Publication year - 2009
Publication title -
journal of the royal statistical society: series b (statistical methodology)
Language(s) - English
Resource type - Journals
SCImago Journal Rank - 6.523
H-Index - 137
eISSN - 1467-9868
pISSN - 1369-7412
DOI - 10.1111/j.1467-9868.2008.00694.x
Subject(s) - false discovery rate , multiple comparisons problem , oracle , computer science , null hypothesis , constraint (computer aided design) , statistical hypothesis testing , data mining , markov chain , algorithm , mathematical optimization , mathematics , econometrics , machine learning , statistics , biochemistry , chemistry , geometry , software engineering , gene
Summary.  The paper considers the problem of multiple testing under dependence in a compound decision theoretic framework. The observed data are assumed to be generated from an underlying two‐state hidden Markov model.
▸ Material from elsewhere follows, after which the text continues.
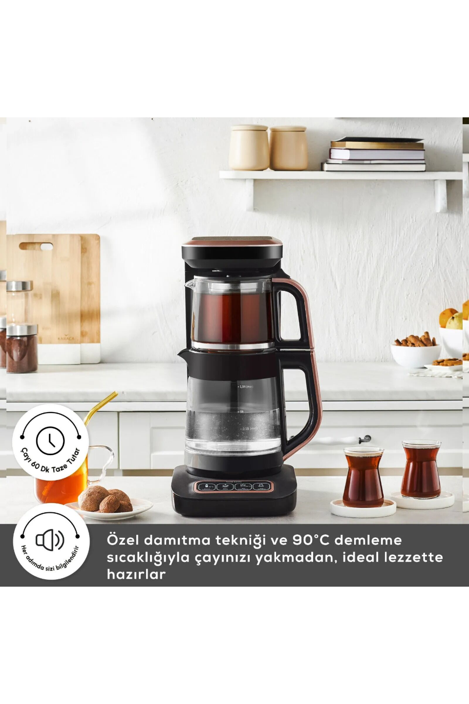 “Otomatik Çay Demleme” özelliği sayesinde tek tuşla 15 dakikada çayınız hazırlanır ve 60 dakika boyunca taptaze kalır. Özel “Damıtma Tekniği” ve 90 derece demleme suyu sıcaklığı ile çayı yakmadan ideal lezzette demler.
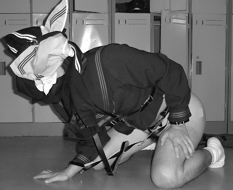 手足の自由を奪われ、セーラー服姿で四つんばいになってる変態さんの画像に興奮しました。

We propose oracle and asymptotically optimal data‐driven procedures that aim to minimize the false non‐discovery rate FNR subject to a constraint on the false discovery rate FDR. It is shown that the performance of a multiple‐testing procedure can be substantially improved by adaptively exploiting the dependence structure among hypotheses, and hence conventional FDR procedures that ignore this structural information are inefficient. Both theoretical properties and numerical performances of the procedures proposed are investigated. It is shown that the procedures proposed control FDR at the desired level, enjoy certain optimality properties and are especially powerful in identifying clustered non‐null cases. The new procedure is applied to an influenza‐like illness surveillance study for detecting the timing of epidemic periods.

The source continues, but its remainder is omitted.